An Old Concept, A New Need
Drive-ins typically conjure up nostalgic images of days gone by; of first dates and family outings to the movies in the car. When the Midwest Theater in Scottsbluff closed its doors temporarily due to COVID-19, Executive Director Billy Estes immediately missed the interaction of the theater. It wasn’t long before Estes had the creative idea to implement a drive-in theater, and the SkyView Drive-In Theater was born.

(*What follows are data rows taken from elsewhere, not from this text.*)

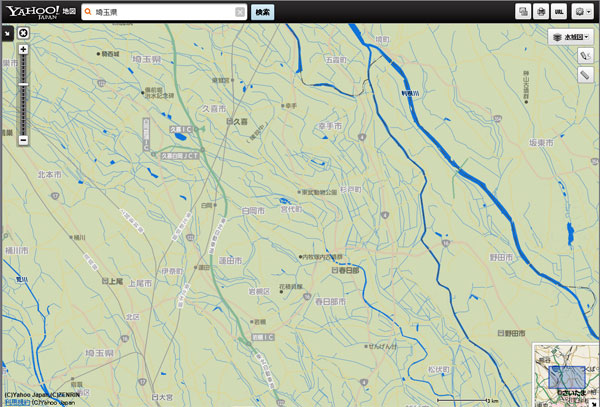 関東平野は巨大なお盆で、お盆のふちに当たる周囲の山地や三浦半島、房総半島南部では今も隆起し、たとえば関東大震災では三浦半島では1メートル以上も隆起したという。対して平野の中央部は沈下の傾向が続いているという。古代の地形図を見ると、6000年前の縄文のころは、栗橋付近まで海で、奥東京湾と呼ばれている。これは縄文海進と呼ばれる現象で、世界的に氷河が融けて海面が上昇したのである。ついでにいえば、その後、縄文後期には増えた海水の重みで、海底が沈んだため、再び海面が下がって現在に至ったそうである。お盆の底は、大昔は海だったわけである。 したがって、このお盆の底にあたる埼玉平野(と呼ぶらしい)は、低湿地で、地図を注意深く見ると、大きな川、小さな川、運河らしき堀、小さな湖沼がたくさんあることがわかる。今、農業用水などで活用されているが、かつての利根川、荒川などが、洪水のたびに流路を自在に変えて暴れた跡でもあるという。いったん暴れると、並行する多くの筋に、勝手に分かれて流れる、乱流が起こったのである。 旧日光道を歩いていても、ときおり橋を渡る程度であって、この、水が豊かな平野を実感することは難しい。道路や鉄道、そして地名の文字があふれているので、地図でもかなり見にくい。ヘリコプターで上空から眺めたいものであるが、思いついて、Yahoomap で、地図表示を「水域図」に変えてみた。春日部から幸手あたりを見たのが下図である。利根川(右)や江戸川(その左)のほか、数多くの小さな流れが走っていることがよくわかる。確かに、水の平野である。旧日光道中は、この奥東京湾跡の真っただ中を、北上している。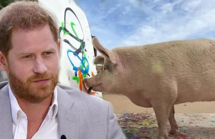 Apstraktna slika princa Harija je prodata za više od 2.000 funti (2.344 evra)., što ne bi bilo ništa čudno da je nije naslikala - svinja.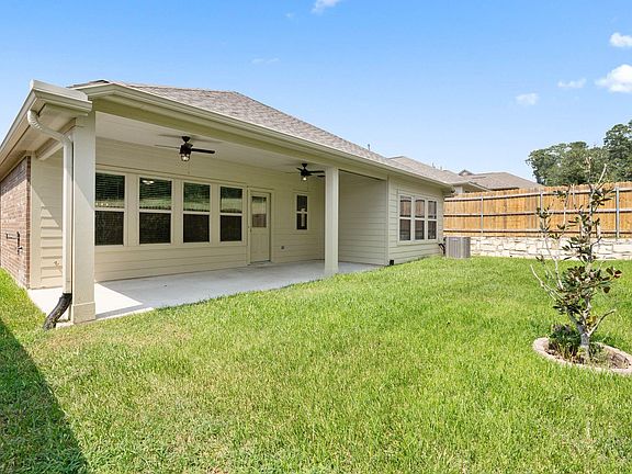 Come fall in love with this immaculate home & amazing floorplan! Upon entry, you are greeted with beautiful wood-like tile that flows througout the main areas!You will notice plenty of windows giving great natural light! The oversized living room give endless design options! The kitchen has a reverse osmosis system, walk-in pantry, & motion sensor under cabinet lighting! You will love the stunning 8 ft. long granite top island! The primary suite overlooks your peaceful backyard & offers a soaking tub, & giant walk-in closet with built-in shelves! The front bedrooms has it's own private en-suite bathroom too! This could make a personal office or guest suite! Every bedroom is a great size with a generous closet! Plus a WHOLE HOME water softener, full gutters, extra long covered patio & NO BACK NEIGHBORS! You are estimated 4 miles to I-45, 2 miles from HEB & 4 miles to Lake Conroe! The Community offers a fishing pier, tennis courts, walking paths & park! FRIDGE WASHER & DRYER INCLUDED!
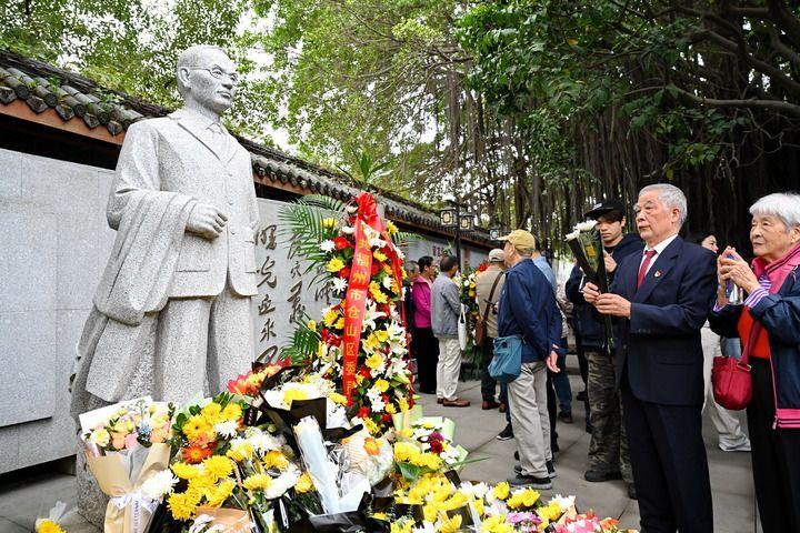11月6日,在福州市螺洲镇的吴石故居,人们向吴石雕像敬献鲜花表达敬意。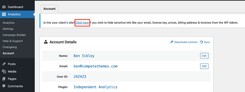 First, if you are logged into a client’s website and visit the Analytics > Account page, you’ll see a notice at the top of the page about hiding your account info. Click on the “Click here” link and your license will be white-labeled.

Improvising a screen on a box truck in Gering, Estes said “the first night it opened, we parked 97 cars and turned more than 100 cars away.” While the pop-up location wasn’t perfect, it filled an obvious niche; a longing for connection and entertainment, that were made difficult by public health concerns.
Before long, a donor came forward with a substantial donation that enabled them to buy a new projector and to provide free movies for eight weekends. The community’s response was exceedingly enthusiastic with sold out screenings every night. In May, a larger and more permanent site at the Midwest Regional Airport in Scottsbluff was secured that could accommodate 165 cars.
The project has been more fulfilling than Estes had initially imagined. “The pioneering spirit is alive and well, and people are willing to make things happen,” he said.
While support from the NCE and new income from the drive-in theater help to make up for some revenue losses, a gap still exists.
“The Nebraska Cultural Endowment has helped the Midwest Theater for many years, and we have been so blessed by this unique public and private match that only Nebraska has,” said Estes. “With the long-term effects unknown for us and others, the Nebraska Cultural Endowment has been so supportive through this time.”